▶ _INPUT RECORDS_:
- Opening Delimiter -

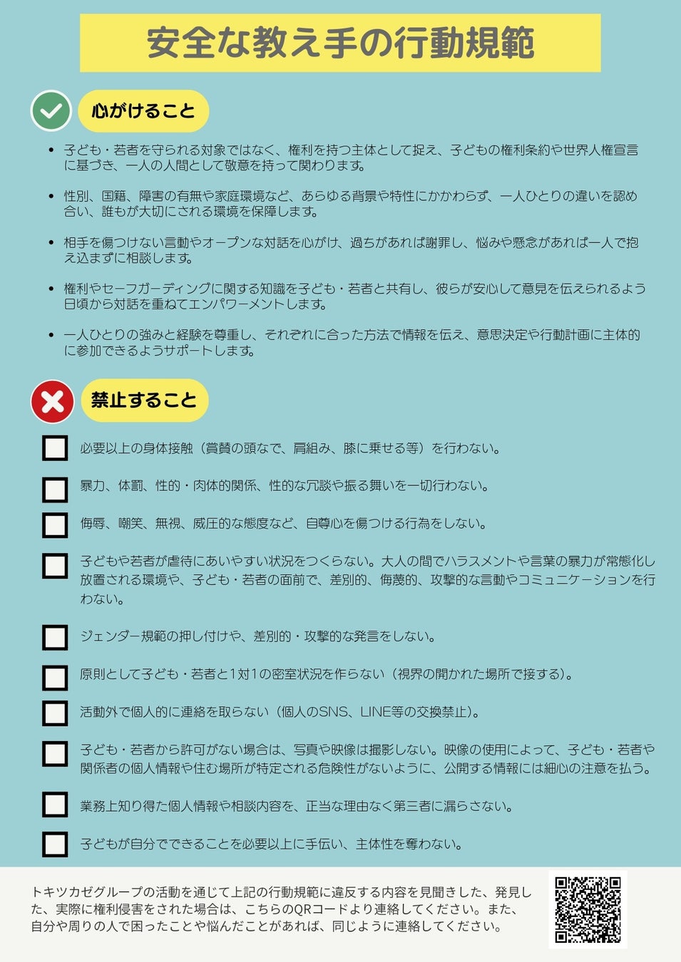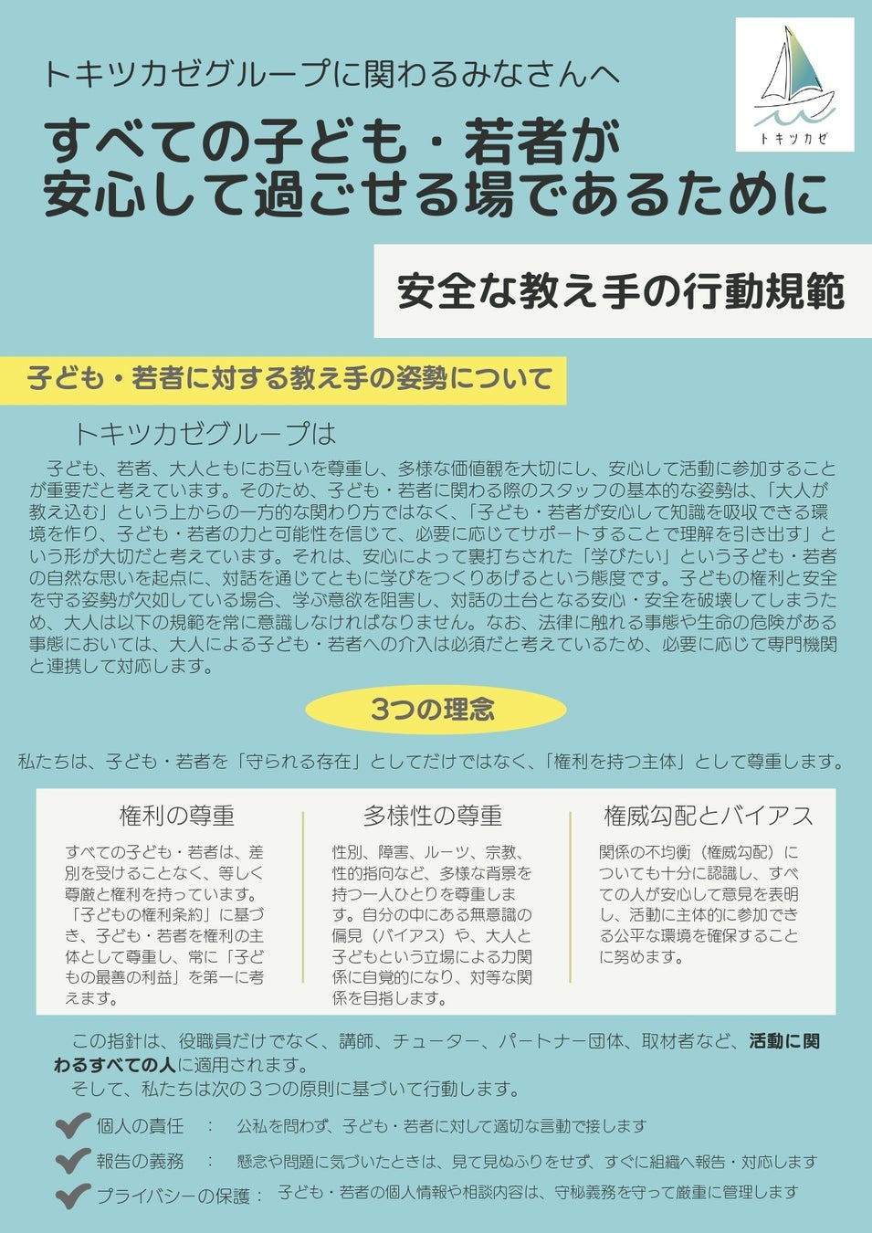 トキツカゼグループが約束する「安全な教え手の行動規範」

- Closing Delimiter -
- Opening Delimiter -

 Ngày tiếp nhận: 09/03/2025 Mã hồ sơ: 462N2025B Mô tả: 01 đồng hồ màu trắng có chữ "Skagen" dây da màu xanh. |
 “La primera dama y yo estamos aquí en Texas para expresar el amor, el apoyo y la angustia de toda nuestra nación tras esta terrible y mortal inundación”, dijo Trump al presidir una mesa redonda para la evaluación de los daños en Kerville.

- Closing Delimiter -
- Opening Delimiter -

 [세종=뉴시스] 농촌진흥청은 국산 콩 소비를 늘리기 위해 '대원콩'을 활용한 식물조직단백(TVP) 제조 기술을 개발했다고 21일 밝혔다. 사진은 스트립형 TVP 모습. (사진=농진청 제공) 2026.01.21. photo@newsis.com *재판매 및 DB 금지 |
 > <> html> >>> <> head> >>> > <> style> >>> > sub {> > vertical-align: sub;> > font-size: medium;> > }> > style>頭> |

- Closing Delimiter -

▶ _BRIEF_:
Copy out precisely the lines from the line with "Ngày tiếp nhận: 09/03/2025" to the line with "daños en Kerville." in the material above, including those two lines and omitting all the rest.

▶ _FINISHED EXERCISE_:
 Ngày tiếp nhận: 09/03/2025 Mã hồ sơ: 462N2025B Mô tả: 01 đồng hồ màu trắng có chữ "Skagen" dây da màu xanh. |
 “La primera dama y yo estamos aquí en Texas para expresar el amor, el apoyo y la angustia de toda nuestra nación tras esta terrible y mortal inundación”, dijo Trump al presidir una mesa redonda para la evaluación de los daños en Kerville.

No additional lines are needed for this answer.